It’s crazy, really. You don’t think about it as you merrily make your way through life as a consumer, but any decorated tee shirt (that’s the lingo; learn it and use it) is, of course, printed on a blank tee. These are called, surprisingly, blanks.
So it turns out that blanks are like hot young actresses: popping up, catching your eye, then disappearing. And not returning.
What in the world makes blank t-shirts so crazy elusive? Even big names, like Anvil and Hanes, are always messing with us.
Let me back up a little. When we started out learning to print, we had to select a line of blanks. We ordered all kinds of t-shirts so we could see the colors with our own ocular equipment and touch them with our tactile receptors. We wanted good quality, and we had to determine that by ogling and fondling and printing and washing and wearing and washing. For months. Because we want to understand what we sell.
So we find a brand we love, order our first case…and find out that the seller is discontinuing the line. We finally settle on a second candidate, and love everything about the blanks.
Then we decide to outsource our printing (to U.S. companies, yay for keeping jobs onshore!), and find out that the blanks we so painstakingly chose are not available through distributors. This adds a big layer of complexity if we have to order and have printers stock our specially anointed blanks. And most printers don’t have room for cases of our blanks, anyway.
So we find another source of blanks that we’re happy with. Then, suddenly, they discontinue the chocolate for women. Just women. Luckily, we have a little pile of the blank that doesn’t sell through distributors, so we send those to the printer when we get orders for women’s chocolate shirts.
Okay. So then we get all fancy and extend the styles we offer, adding a classic-fit men’s crew neck in heavy cotton (because some guys let us know they aren’t going to wear those fitted, lightweight shirts, because ick) and youth sizes and a v-neck for women. (Because some women let us know that they weren’t going to wear a crew neck, because ick.) No complaints yet from any kid-shaped people.
And lo and behold, before we’ve even had one order for a v-neck, the nice one we chose is discontinued!
You have to laugh.
This is why brand names for blanks have disappeared from our site. We cannot guarantee what brand of blank we’ll be printing on from one day to the next.
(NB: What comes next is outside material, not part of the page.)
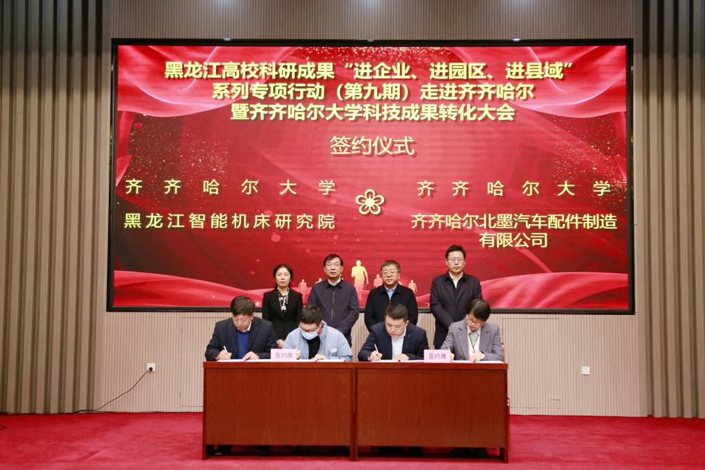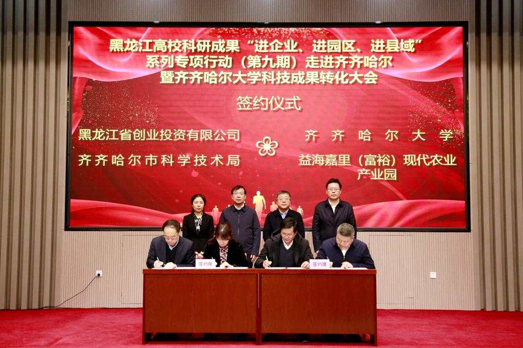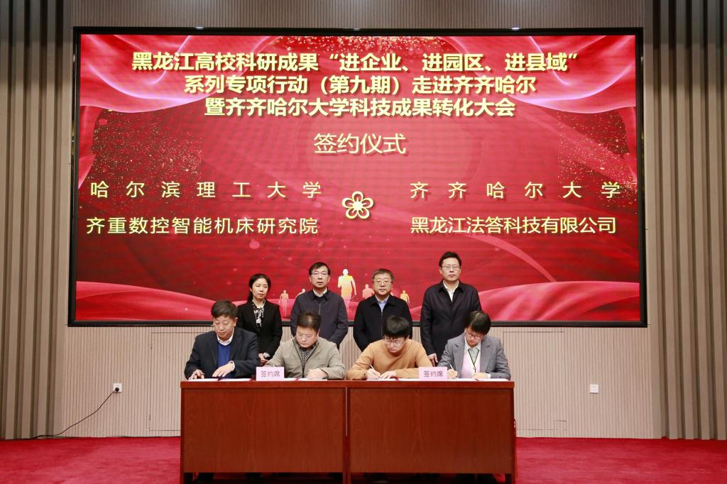 黑龍江省創(chuàng)業(yè)投資有限公司、益海嘉里(富裕)現(xiàn)代農(nóng)業(yè)產(chǎn)業(yè)園、齊重?cái)?shù)控裝備有限公司、黑龍江智能機(jī)床研究院、齊齊哈爾龍江阜豐生物科技有限公司、黑龍江法答科技有限公司、威海華邁醫(yī)療器械科技有限公司和齊齊哈爾北墨汽車配件制造有限公司,分別與我校及市科學(xué)技術(shù)局、哈爾濱理工大學(xué)簽署了合作協(xié)議。

This means that exact sizing, and size charts, and exact shrinkage varies, and we have to keep up with that.
Picture it like log rolling—we just have to run in place as fast as we can and try not to fall off the log and drown. (Okay, log rolling is not a very good analogy to buying blanks, but the sense of precariousness is what I’m trying to convey. Because I feel like I’m running and running and not getting anywhere!)
Who would have ever guessed that it would be so hard to find a nice blank t-shirt? If you know any secrets in this area, tell me!